==== Input records

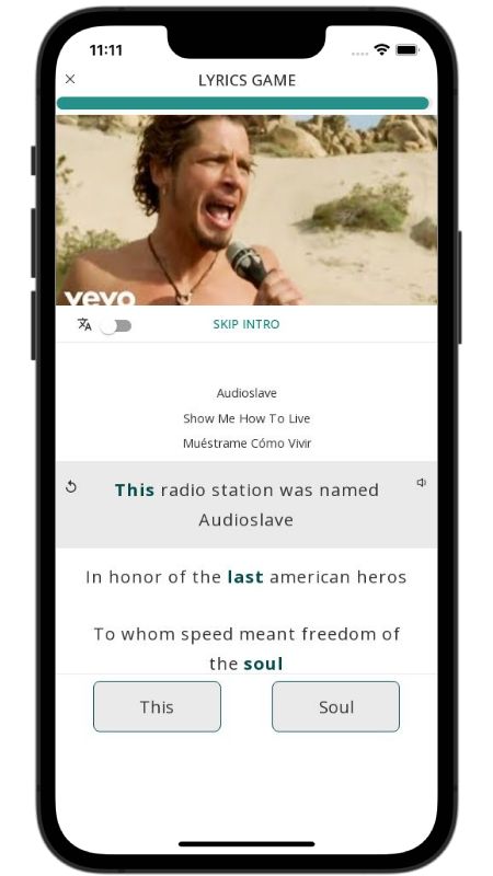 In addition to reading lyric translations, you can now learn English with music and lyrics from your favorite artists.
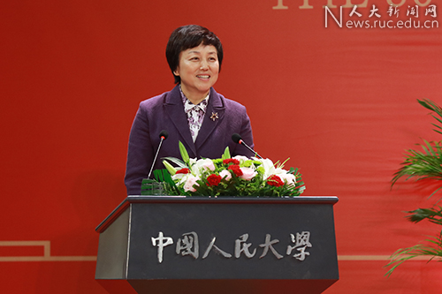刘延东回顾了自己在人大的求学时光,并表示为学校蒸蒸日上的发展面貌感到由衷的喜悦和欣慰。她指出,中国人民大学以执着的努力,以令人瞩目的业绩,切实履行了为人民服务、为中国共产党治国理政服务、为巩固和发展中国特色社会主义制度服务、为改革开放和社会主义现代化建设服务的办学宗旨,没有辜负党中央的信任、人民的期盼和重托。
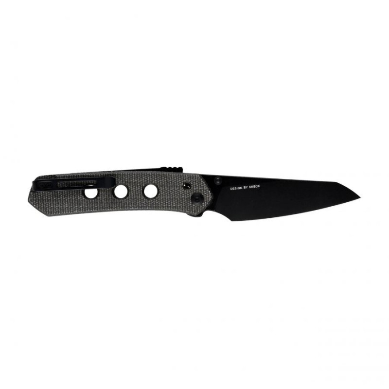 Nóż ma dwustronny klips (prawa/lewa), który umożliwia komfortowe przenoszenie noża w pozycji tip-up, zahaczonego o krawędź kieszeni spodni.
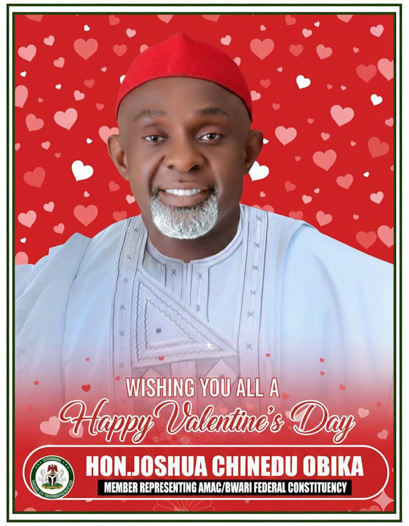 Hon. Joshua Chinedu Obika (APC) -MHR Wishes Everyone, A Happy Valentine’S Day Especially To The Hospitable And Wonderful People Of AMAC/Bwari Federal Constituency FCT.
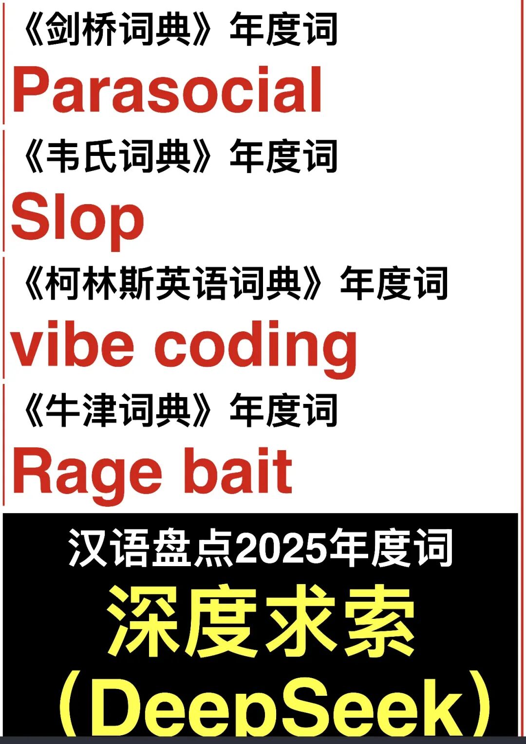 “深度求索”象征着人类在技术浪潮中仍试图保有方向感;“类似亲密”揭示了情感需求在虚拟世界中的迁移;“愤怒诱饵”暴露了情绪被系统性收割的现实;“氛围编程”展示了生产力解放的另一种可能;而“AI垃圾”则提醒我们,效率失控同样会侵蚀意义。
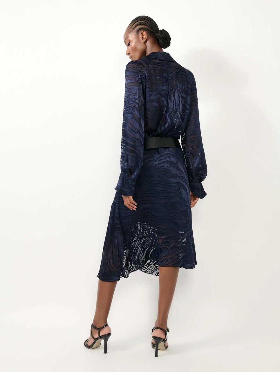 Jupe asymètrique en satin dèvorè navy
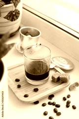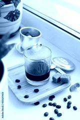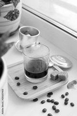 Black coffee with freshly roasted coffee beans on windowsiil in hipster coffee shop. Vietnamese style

========

Repeat the data word for word, excluding any image.

 In addition to reading lyric translations, you can now learn English with music and lyrics from your favorite artists.
刘延东回顾了自己在人大的求学时光,并表示为学校蒸蒸日上的发展面貌感到由衷的喜悦和欣慰。她指出,中国人民大学以执着的努力,以令人瞩目的业绩,切实履行了为人民服务、为中国共产党治国理政服务、为巩固和发展中国特色社会主义制度服务、为改革开放和社会主义现代化建设服务的办学宗旨,没有辜负党中央的信任、人民的期盼和重托。
 Nóż ma dwustronny klips (prawa/lewa), który umożliwia komfortowe przenoszenie noża w pozycji tip-up, zahaczonego o krawędź kieszeni spodni.
 Hon. Joshua Chinedu Obika (APC) -MHR Wishes Everyone, A Happy Valentine’S Day Especially To The Hospitable And Wonderful People Of AMAC/Bwari Federal Constituency FCT.
 “深度求索”象征着人类在技术浪潮中仍试图保有方向感;“类似亲密”揭示了情感需求在虚拟世界中的迁移;“愤怒诱饵”暴露了情绪被系统性收割的现实;“氛围编程”展示了生产力解放的另一种可能;而“AI垃圾”则提醒我们,效率失控同样会侵蚀意义。
 Jupe asymètrique en satin dèvorè navy
 Black coffee with freshly roasted coffee beans on windowsiil in hipster coffee shop. Vietnamese style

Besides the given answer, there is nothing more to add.